Cette relecture a été considérée comme hérétique : « Et afin de minimiser l’intérêt de cet ouvrage, ils m’ont accusé d’être un chiite qui déformait l’histoire des Arabes » (Adonis, Violence et islamEntretiens avec Houria Abdelouahed, Paris, Seuil, 2015, p.26-27). Dans le monde dit « arabo-musulman », tout est sacré, immuable et intemporel. Même l’échec est divinisé, compris comme le signe d’une délivrance à venir – et qui ne viendra jamais, tant que la rupture avec ce paradigme mythologique ne sera pas faite. L’ouvrage d’Adonis a subi une fatwa (avis juridique) et non des critiques. Les contestations portaient sur son lieu de naissance et ses croyances, et non sur ses idées et les arguments qu’il avançait. La condamnation de l’islamologue Saïd Djabelkhir relève de ce même processus, dans sa version inquisitoire.

Dans des sociétés où le théologique est le fondement du politique, aucun changement ne peut advenir si celui-ci n’est pas fondé sur la laïcité. Cette dernière est devenue aujourd’hui presque une insulte, voire un « blasphème ». Et pourtant, sans la laïcité, le théologico-politique continuera de ruiner les pays d’Afrique du Nord, d’Afrique subsaharienne, du Levant et de la péninsule arabique. Pour ne prendre qu’un exemple, ce qu’on appelle « la Révolution iranienne » n’a rien de révolutionnaire. C’est une immense régression sur tous les plans. Un retour de quinze siècles en arrière, à la loi du glaive et du Livre. « Saïd Djabelkhir est donc libre de penser et d’écrire ce qu’il veut »

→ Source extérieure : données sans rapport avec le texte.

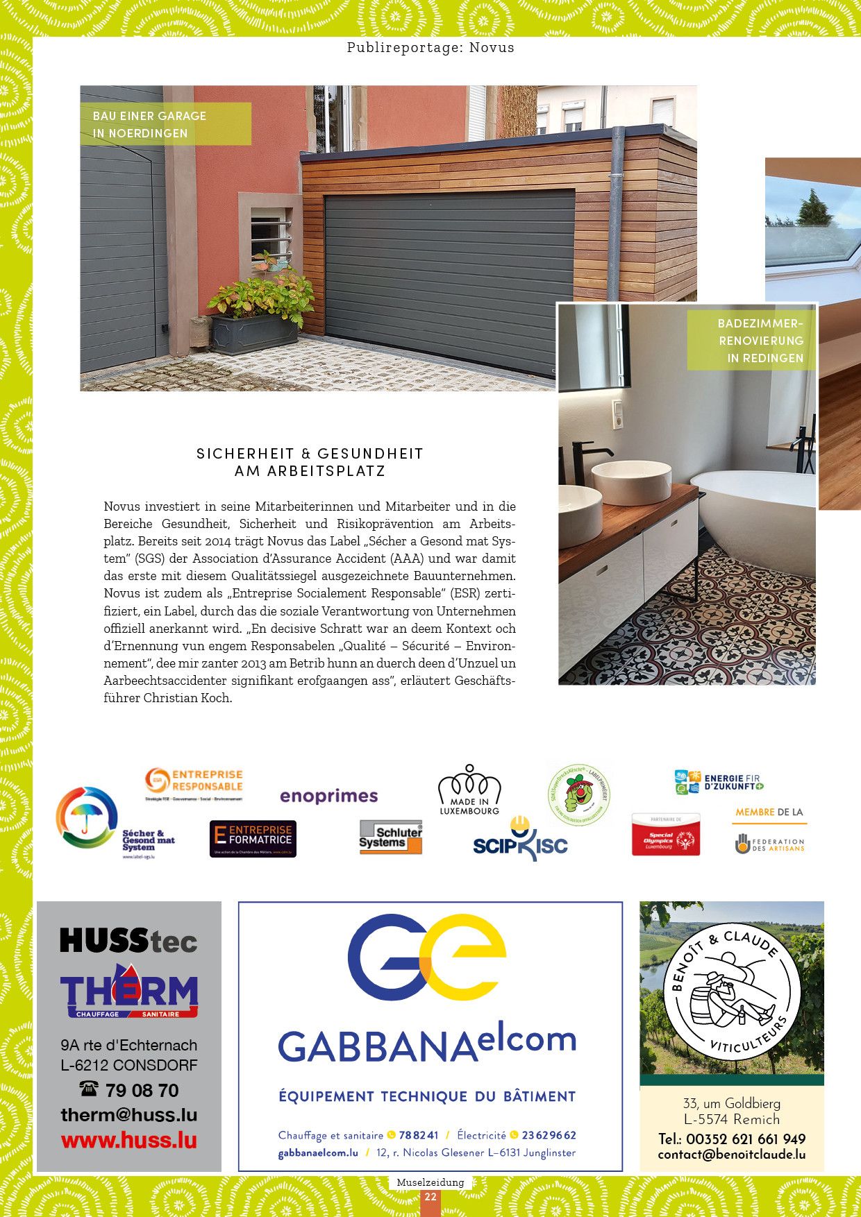 Novus investiert in seine Mitarbeiterinnen und Mitarbeiter und in die Bereiche Gesundheit, Sicherheit und Risikoprävention am Arbeitsplatz. Bereits seit 2014 trägt Novus das Label „Sécher a Gesond mat System“ (SGS) der Association d‘Assurance Accident (AAA) und war damit das erste mit diesem Qualitätssiegel ausgezeichnete Bauunternehmen. Novus ist zudem als „Entreprise Socialement Responsable“ (ESR) zertifitziert, ein Label, durch das die soziale Verabtwortung von Unternehmen offiziell anerkannt wird. «En decisive Schratt war an deem Kontext och d’Ernennung vun engem Responsabelen „Qualité – Sécurité – Environnement“, dee mir zanter 2013 am Betrib hunn an duerch deen d’Unzuel un Aarbeechtaccidenter signifikant erfogaangen ass» erläutert Geschäftsfürer Christian Koch.

On dit souvent que l’intégrisme islamique n’est pas le « vrai » islam et que l’islam des Lumières en serait le véritable. Certes, cet islam a existé. Son corpus est considérable et c’est à partir de lui que l’islam devrait se refonder aujourd’hui. Mais les créateurs qui portaient jadis cet islam des Lumières n’ont jamais épousé la vision monochrome du monde que proposait la dogmatique des empereurs de l’islam. Ces esprits ont toujours été combattus, excommuniés et exterminés. Adonis dit très clairement dans Violence et islam que les créateurs comme Abû Nûwas, al-Mutanabbî, al-Ma’arrî, etc., étaient tous contre la religion officielle.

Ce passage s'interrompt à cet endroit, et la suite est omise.